Attractive women bosses are considered less truthful and trustworthy by both s3xes, research has found.

In tests, hundreds of male and female participants said they thought a pretty female boss was less likely to be honest.

They were also considered more deserving of being fired than a less attractive counterpart.

Good looks are often thought to be advantageous in life, whether when it comes to getting served in shops or pubs or being more likely to succeed at a job interview, and even the likelihood you are found guilty in court.

But when it comes to the most senior roles, however, attractive women were considered to be more deceitful.

It seems that any woman who shatters the glass ceiling is perceived to have used underhand methods to get there, the research suggests.

Researchers from Washington State University and others dubbed the distrust of the attractive female boss ‘the Femme Fatale syndrome’.

The authors suggest that a beautiful woman boss will have to work hard to convince people that she deserves her place through hard work, rather than looks alone or through ‘ingratiation, manipulation or seduction.’

The idea that there is prejudice against female bosses is not new.

But this has been explained in the past on the idea that women ‘aren’t fitting’ in a traditional masculine role as a boss.

The latest study rejects this explanation and, based on a series of experiments, suggests the distrust is motivated by deep-seated sexual insecurity and jealousy.

Leah Sheppard, lead author of the paper, said:

‘Highly attractive women can be perceived as dangerous and that matters when we are assessing things like how much we trust them and whether we believe that what they are saying is truthful.

‘It becomes more nuanced when we look at gender,’ she added.

‘For women there are certain contexts in which they don’t seem to benefit from their beauty.’ 

Evolution has coloured our view to think that attractive women are more likely to be liars, the researchers suggest.

Attractive females were in our evolutionary history more likely to steal male sexual partners away, and this colours our perception of female business leaders.

Men are distrustful because although they may find women bosses desirable, their view is coloured by an idea that beautiful women, precisely because they are more desired, are more likely to be unfaithful.

To conduct their experiments, the researchers used images drawn from a Google images search for a ‘professional woman’ and had participants rate their attractiveness.
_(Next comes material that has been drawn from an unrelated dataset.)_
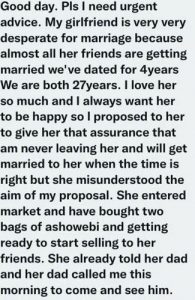 “Good day. Pls I need urgent advice. My girlfriend is very very desperate for marriage because almost all her friends are getting married we’ve dated for 4years We are both 27years. I love her so much and I always want her to be happy so I proposed to her to give her that assurance that am never leaving her and will get married to her when the time is right but she misunderstood the aim of my proposal.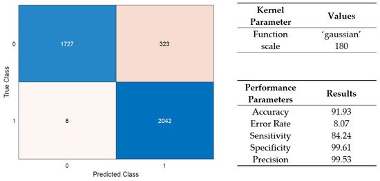Confusion matrix and performance results for a Gaussian kernel with medium spacing.

In one experiment with 198 participants, both women and men were asked to assess how truthful a female boss was delivering bad news from their company.
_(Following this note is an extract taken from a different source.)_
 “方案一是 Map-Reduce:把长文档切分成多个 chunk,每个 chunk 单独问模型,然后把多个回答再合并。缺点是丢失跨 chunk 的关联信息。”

Both sexes said they were less likely to believe the attractive woman rather than the male leader.

The attractive female bosses were also thought more deserving of being fired.

In further experiments, the effect was found to persist – in the job of public relations officer.

This is a role traditionally considered feminine and for which looks are considered important, the authors suggest.

As the distrust remained, the researchers reject the idea that the distrust is based on the woman not ‘fitting’ in a traditional male role.

But in another experiment, levels of distrust were reduced in both sexes when attempts were made to make them feel more sexually secure.

To ‘prime’ participants to feel more secure, the participants were asked to think and write about a time when they felt secure in a relationship and certain that their romantic partner was ‘faithful and committed to them alone.’

This made them to feel more s3xually secure and also made them feel better about themselves.

The researchers said that those primed to feel sexually secure ended up thinking attractive women were just as trustworthy as less attractive women.

Professor Sheppard said, that whether the perception was unfair or not attractive women may have to work harder to be accepted.

She said:

‘They’re going to be challenged in terms of building trust.

‘That’s not to say that they can’t do it. It’s just that trust is probably going to form a bit more slowly.’ 

The full findings of the study were published in the journal S3x Roles.